Exactly the lines from the line that has "A bold red heart" through the final line below are to be retyped, and the pictures are not.
____ Collected data
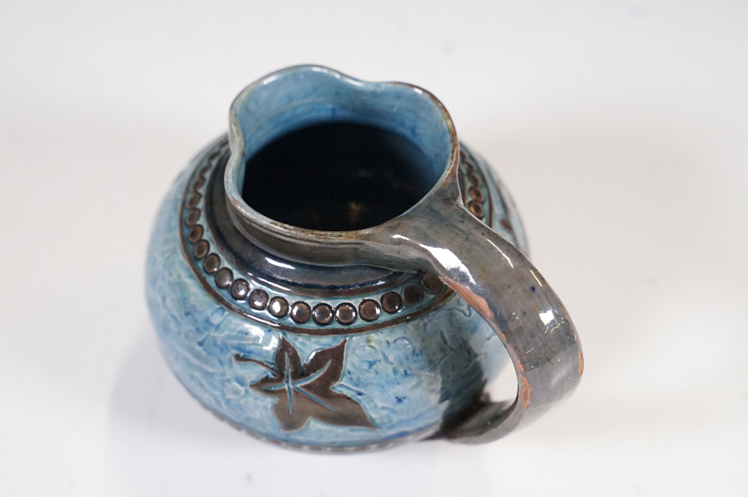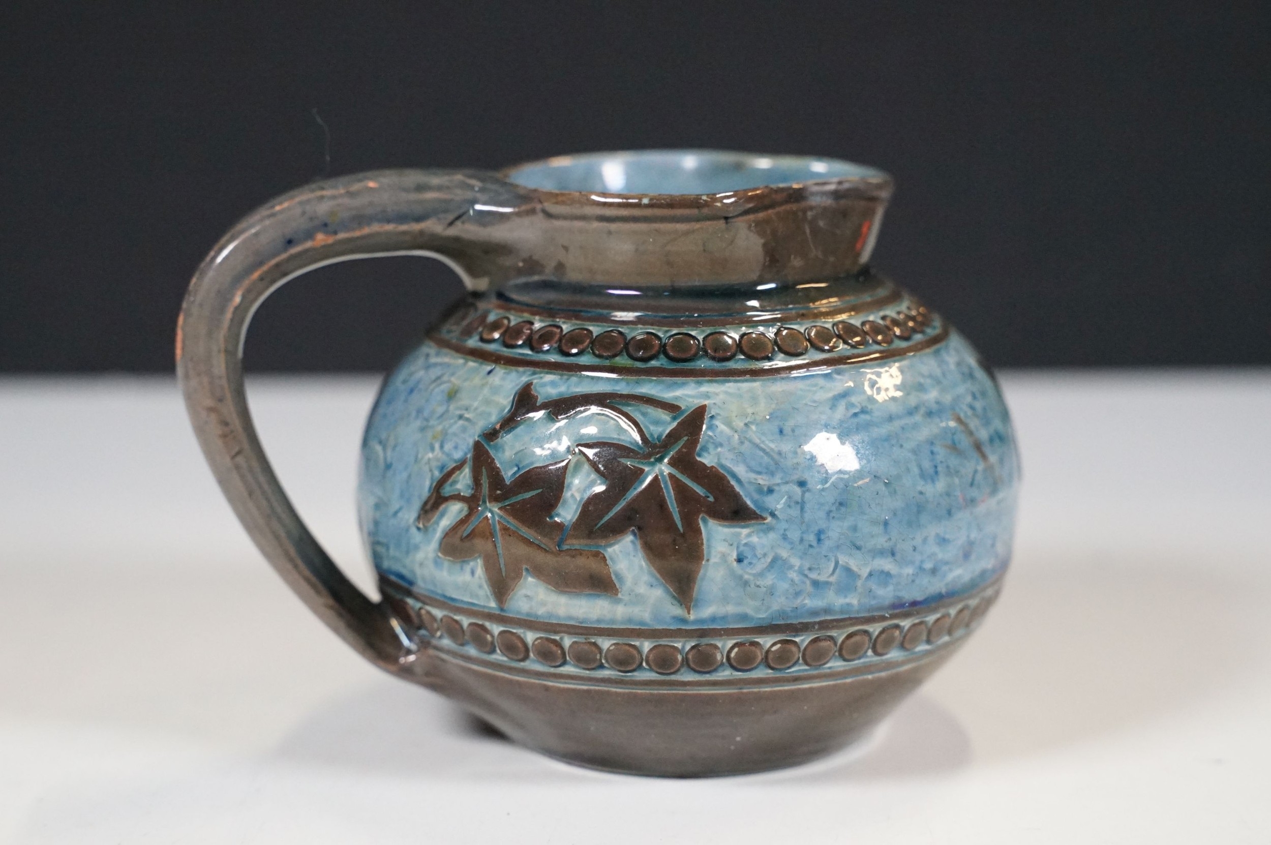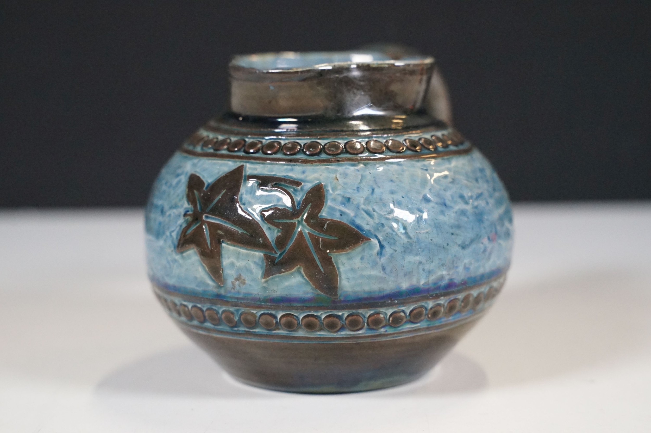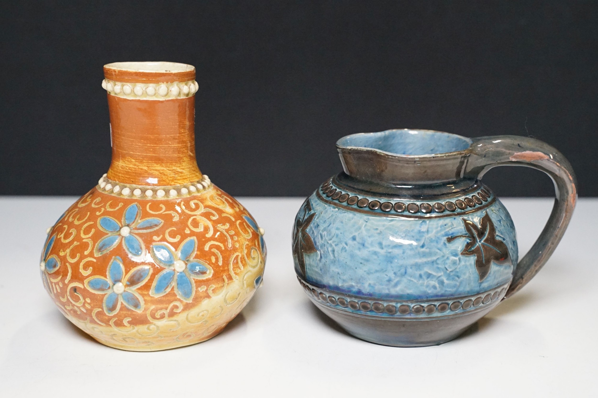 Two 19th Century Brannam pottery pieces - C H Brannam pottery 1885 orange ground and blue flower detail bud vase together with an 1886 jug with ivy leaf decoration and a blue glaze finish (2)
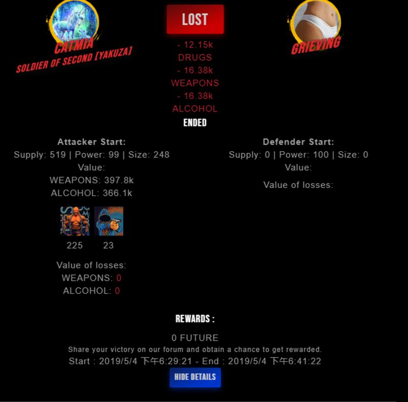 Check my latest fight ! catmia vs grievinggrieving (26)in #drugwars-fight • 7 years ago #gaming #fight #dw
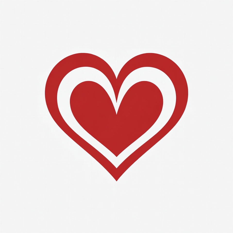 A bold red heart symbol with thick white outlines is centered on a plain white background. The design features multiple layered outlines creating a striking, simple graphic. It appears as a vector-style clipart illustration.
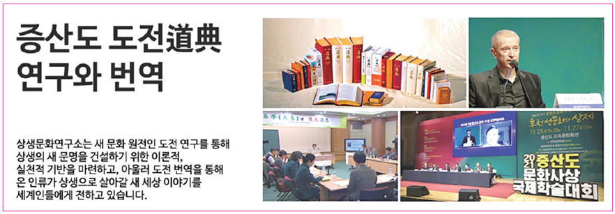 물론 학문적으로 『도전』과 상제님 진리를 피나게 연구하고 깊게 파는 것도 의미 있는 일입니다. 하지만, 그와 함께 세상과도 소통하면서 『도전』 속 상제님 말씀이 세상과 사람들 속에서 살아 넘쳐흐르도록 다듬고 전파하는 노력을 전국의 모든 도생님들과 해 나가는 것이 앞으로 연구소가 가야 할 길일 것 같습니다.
________
:: Result for this task ::
 A bold red heart symbol with thick white outlines is centered on a plain white background. The design features multiple layered outlines creating a striking, simple graphic. It appears as a vector-style clipart illustration.
 물론 학문적으로 『도전』과 상제님 진리를 피나게 연구하고 깊게 파는 것도 의미 있는 일입니다. 하지만, 그와 함께 세상과도 소통하면서 『도전』 속 상제님 말씀이 세상과 사람들 속에서 살아 넘쳐흐르도록 다듬고 전파하는 노력을 전국의 모든 도생님들과 해 나가는 것이 앞으로 연구소가 가야 할 길일 것 같습니다.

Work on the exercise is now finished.